In 1929, the influential physicist Paul Dirac stated ``The underlying physical laws necessary for the mathematical theory of a large part of physics and the whole of chemistry are thus completely known, and the difficulty is only that the exact application of these laws leads to equations much too complicated to be soluble". Nearly a century later, theoretical and computational chemists have developed a multitude of sophisticated methods to model the electronic structure of atoms and molecules. Paired with the advances in computational power, approximate solutions to the electronic Schr\"{o}dinger equation for many electron systems ($\hat{H}\Psi = E\Psi$) are employed by scientists to solve important problems in chemistry, physics, biology and materials science. Implementation of these quantum chemistry methods are available in well known packages such as Psi4, Cfour, NWChem, and MRCC to name a few. Approximating molecular wave functions involves heavy numerical effort; therefore, codes are written completely or partially in efficient languages such as C, C++, and Fortran. While the contribution of these codes are invaluable to the field, the development of new methods is often hindered by the learning curve of the programming languages that they are built upon.

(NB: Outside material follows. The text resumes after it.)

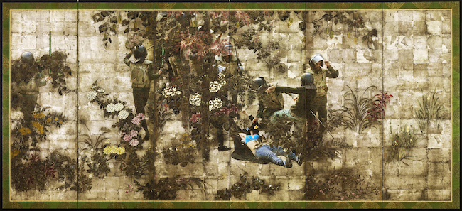 We Shout and Shout but No One Listens, art historian Nicholas Mirzoeff writes on the wall of the exhibition, ‘is about the relationship of the visible and the invisible. It is not an abstract idea but a lived reality.’ By its title we might also say that it is about the audible and the inaudible, and with reference to the accompanying text written by the philosopher Judith Butler for the catalogue, the grievable and the un-grievable; that is, who is generally recognisable as human, as a life worthy of grief, in the first place, and who is not. In this exhibition curated by CAMP (Centre for Art on Migration Politics) at the Trampoline House, a community centre for refugees in Copenhagen, six international artists, each with a personal experience of migration and conflict, explore representations of war and critique their inefficacy in producing appropriate and sustained responses.

In order to accelerate the production of new implementations and ameliorate the maintenance of the code base, packages such as Psi4 and PySCF are written, as much as possible, in Python. This facilitates collaboration of computational chemists towards producing new programs and update existing ones. The emergence of Julia as a powerful tool in scientific computing motivated our development of the Fermi.jl package for quantum chemistry computations. Fermi.jl is written completely in Julia, with only external interfaces to resources written in other languages, such as libcint, a C library for molecular integrals evaluation. Currently, Fermi.jl can handle energy computations for a few important \textit{ab initio} methods: Restricted Hartree--Fock (RHF), M\o{}ller--Plesset perturbation theory (MP2) and Coupled Cluster theory up to perturbative triples [CCD, CCSD, and CCSD(T)]. The code design is based on readability, simplicity and extensibility, utilizing dynamic multiple dispatch for an elegant control flow. For example, MP2 computations can be done with single or double precision and with or without density fitting approximation for integrals. The main body of the code is the same for all combinations, with specific dispatches being called depending on the data type of the molecular integrals. The coupled cluster module leverages the capabilities of the TensorOperations.jl library, in particular allowing for automatic factorization of the tensor contractions. Each line of the code expresses a contraction that can be mapped to the corresponding mathematical term from the theory (often represented as diagrams). Unlike most electronic structure packages, Fermi.jl does not have an input file structure. It can be used interactively or one can write simple Julia scripts, both cases are facilitated by macros offering shortcuts for settings and routine calls. As Fermi.jl is improved and expanded, we hope to motivate computational chemists to consider Julia as modern alternative to traditional computing in electronic structure modeling.